12. Please explain what the sentence ‘enrichment analysis’ means (Table 2).

The explanation about the enrichment analysis has been appended to the Table 2.

13. There is an invalid reference in line 358.

We edited the invalid references (line 390).

14. Please provide more information on which miRNAs have been studied (line 387).

We have been provide more information about the mentioned study, at line 417-431.

15. Please provide more information on which miRNAs have been studied (line 391).

We have been provide more information about the mentioned study, at line 433-451.

16. In my opinion, the authors do not indicate which miRNAs are circulating miRNAs.

The majority of miRNAs present in circulation have also been observed in tissues, hence we have refrained from creating a distinct classification. The primary objective of our inclusion of examples of circulating miRNAs was not to establish definitive categories, but instead to highlight recent scientific findings in this area.
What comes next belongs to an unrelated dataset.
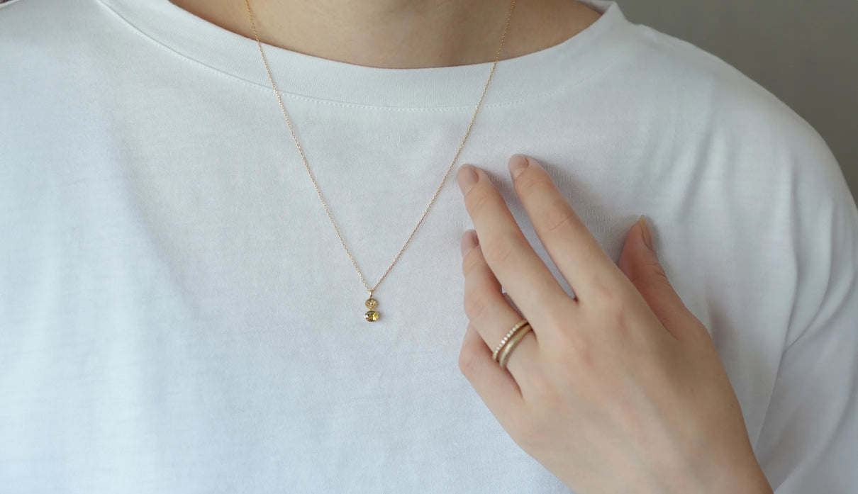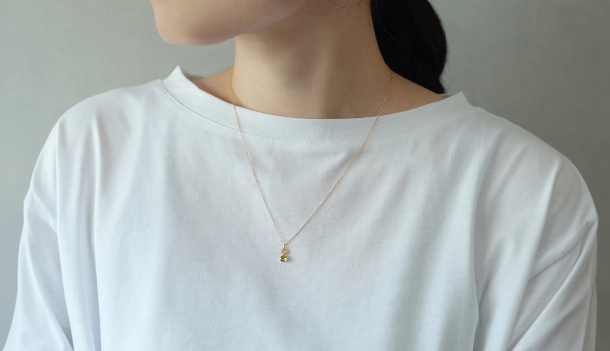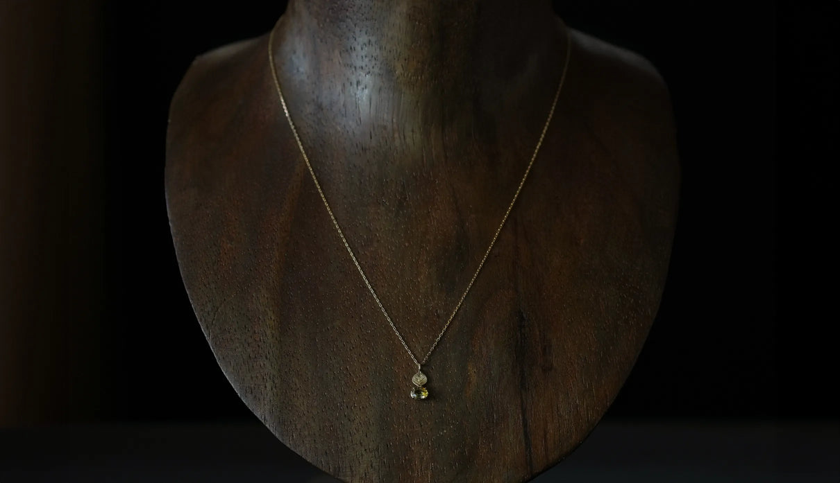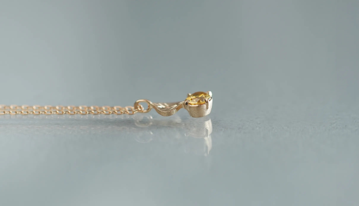 手彫りの葉脈が煌めく小さな葉っぱモチーフのイエローゴールドパーツに、バイカラーサファイアを留めた " Leaf " コレクションの一点もののネックレス。イエローベースの中に、わずかにブルーを秘めたラウンドカットのサファイア。遠目に眺めると2色が溶け合うようにグリーンのような色彩にも見えます。繊細な4本の爪で優しくサファイアをセッティングしました。小さく繊細な存在でありながら、ひと匙の個性と印象的な魅力を秘めた、日常の装いを品よく引き立てるデザインです。9月の誕生石としても親しまれているサファイアは、9月生まれの方の特別なお守りとして贈りものにも最適です。

17. Only approx. 26% of references concern the latest reports (from 2018-2023).

The methylation, histone modification, and miRNA studies in the review were presented by scanning through the years, which led to a high number of older studies, especially in hypermethylation. As a result, the latest report percentages may appear low. However, every study has been examined up to the present day. To decrease this percentage, the old references in the introduction section have been replaced with newer ones.

Author Response File: Author Response.docx

Round 2

Reviewer 2 Report

The Authors have addressed all my concerns.